今この城山を下り、丁度その同じ頃藩内では「近衛の水」の水道事業を始めていたが、その源泉取り入れ口から少し下った場所、城山の麓の西郷洞窟へ向かう登り口付近に「薩摩義士の石碑」が建っていた。ここの石碑は桑名とは比較にならないほど立派なもので、この河川工事で落命した80余名の御霊を祀るものであった。今ではこうした河川事業を知る人は濃尾平野のごく一部の人、或いは薩摩人の一部しか知らないであろうが、今でもこうして顕彰され香花は絶えない。

この石碑のすぐ下は既に旧鶴丸城の辰の位置に当たり、苔むした石垣が見えている。浅い空堀だ。このお城は戦闘用に作られたものではなく、武田信玄の甲府城、「お館」とか、自分が休日によくハイキングに行く旧八王子城の「御主殿」のようなもので、天守閣を持たない御殿であった。信玄の、「城は人、人は石垣」、ではないが、ここ薩摩も周囲を島津親族、家臣団に守られ、敢えて堀を深堀りすることもなく、防御の天守閣を備えることもなかったのだ。

当方が年末の慌ただしい中、鹿児島までやってきた背景の一つには直前に読んだ宮尾登美子の「天璋院篤姫」に啓発されたのも理由の一つで、嘗て鹿児島は通過したに過ぎない街だったが、今回は少しゆっくり観光して見よう、とのことだった。最初に城山を訪ね、西郷終焉の地に立ち、正面の雄大な桜島を眺め、既に鹿児島にやって来た十分な価値を見出したが、この鶴丸城でも篤姫の何等かの足跡を知ることになるだろう。
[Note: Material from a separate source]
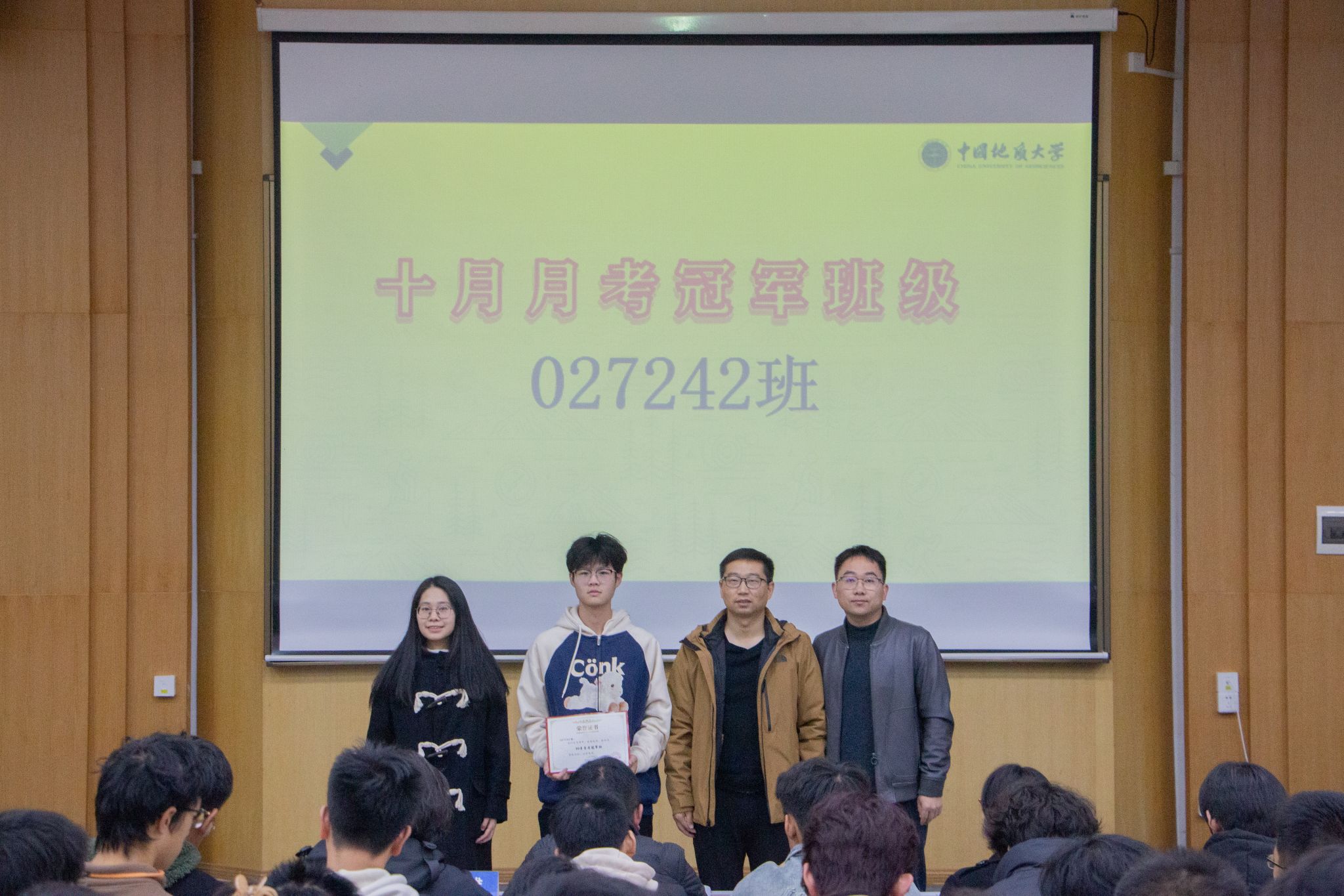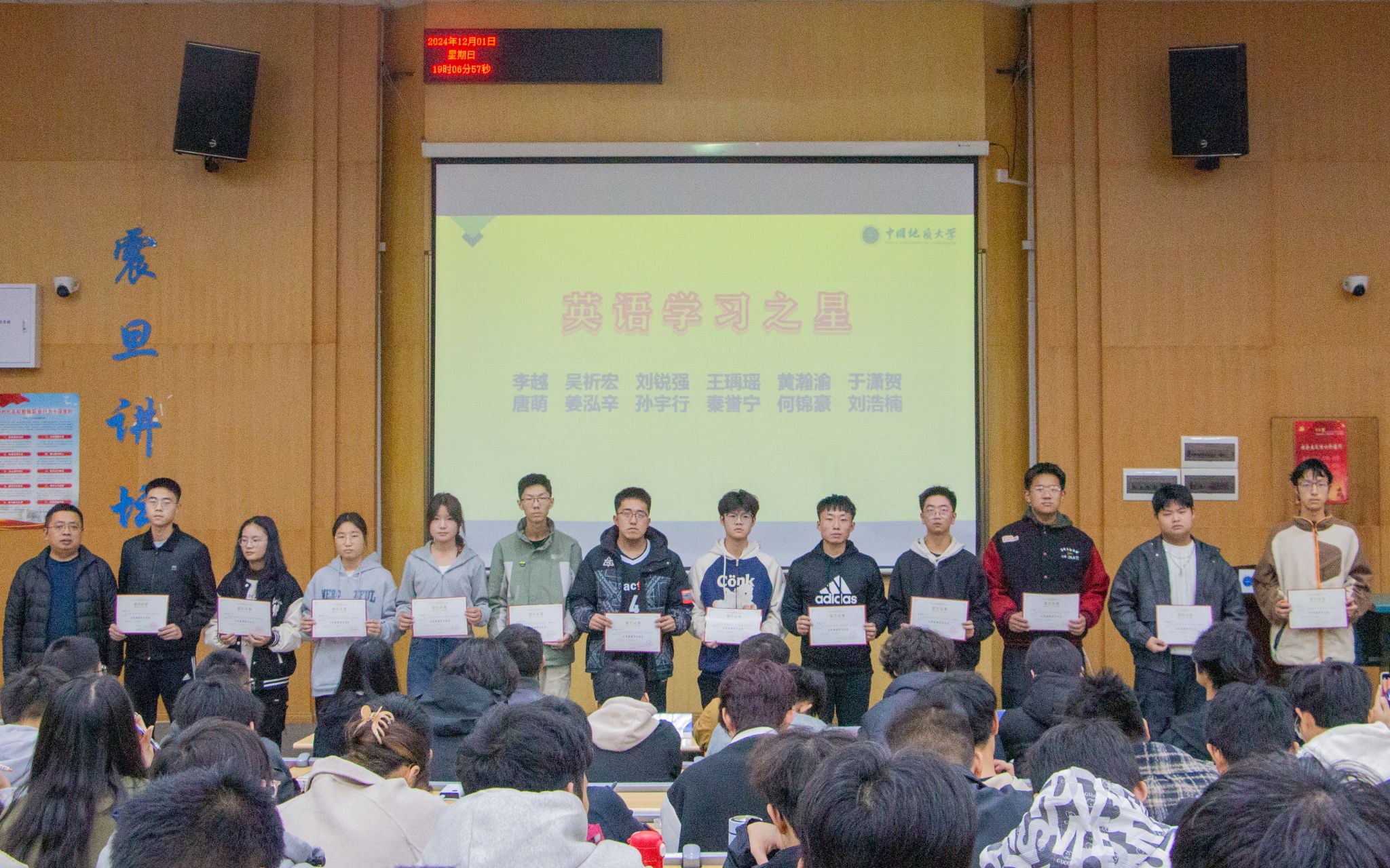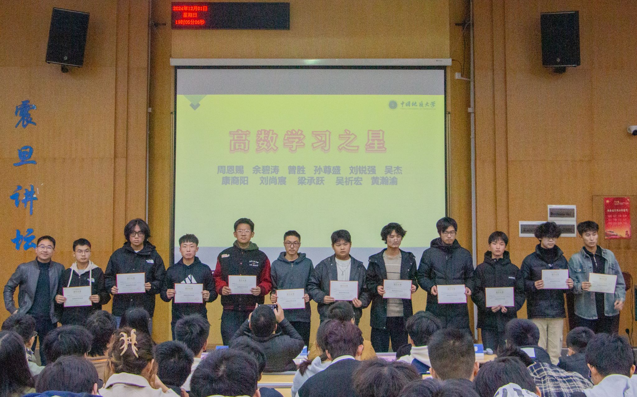 在月考表彰环节,王维、付乐兵分别为“高等数学学习之星”“英语学习之星”颁发奖状;谭文伦为“十月月考冠军班级”颁发奖状,班主任、班长、助理班主任共同上台领奖。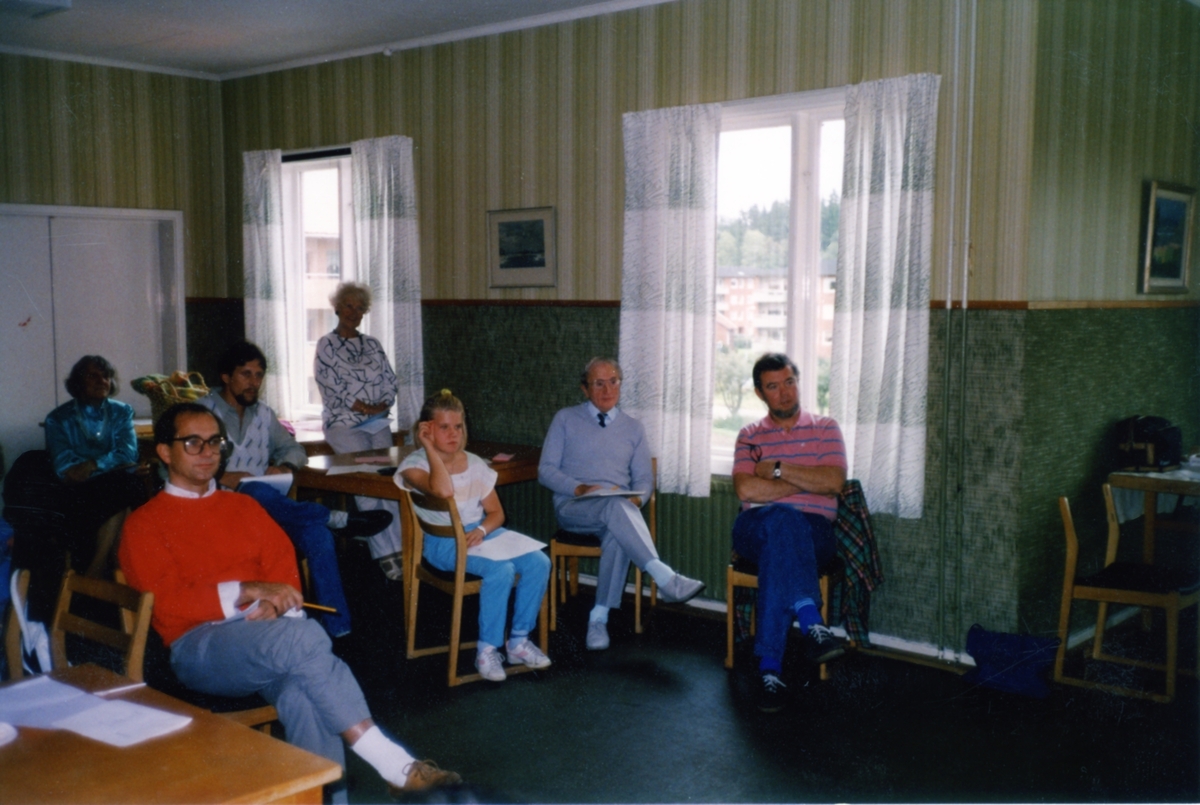 Manusgenomgång inför Bygdespelet "Brandskatten" i A-salen, Kållereds Kommunalhus (Streteredsvägen 3) 1986/87. Sittande från vänster: (i röd tröja) Åke Persson, (i grå tröja) Albert Eklund, (i randig tröja) okänd man som spelade huvudrollen. Relaterade motiv: A3186 - A3251.

低い石垣は当時のままだったが、城内にあった御殿は取り払われていて、今では黎明館という記念館になっているが、その建物の前に篤姫の立派な銅像が建っていた。島津外戚に生まれた姫は斉彬の養女となってこのお城から鹿島立ち、将軍家定に入内した。家定公は若くして亡くなり、その後徳川家も大政奉還した後も、彼女は一市民として東京市中に生き、明治の中半に亡くなった。そのきりりとした顔立ちは、幕末から明治の動乱の時代を生き抜いた強い女性の力が漲っていた。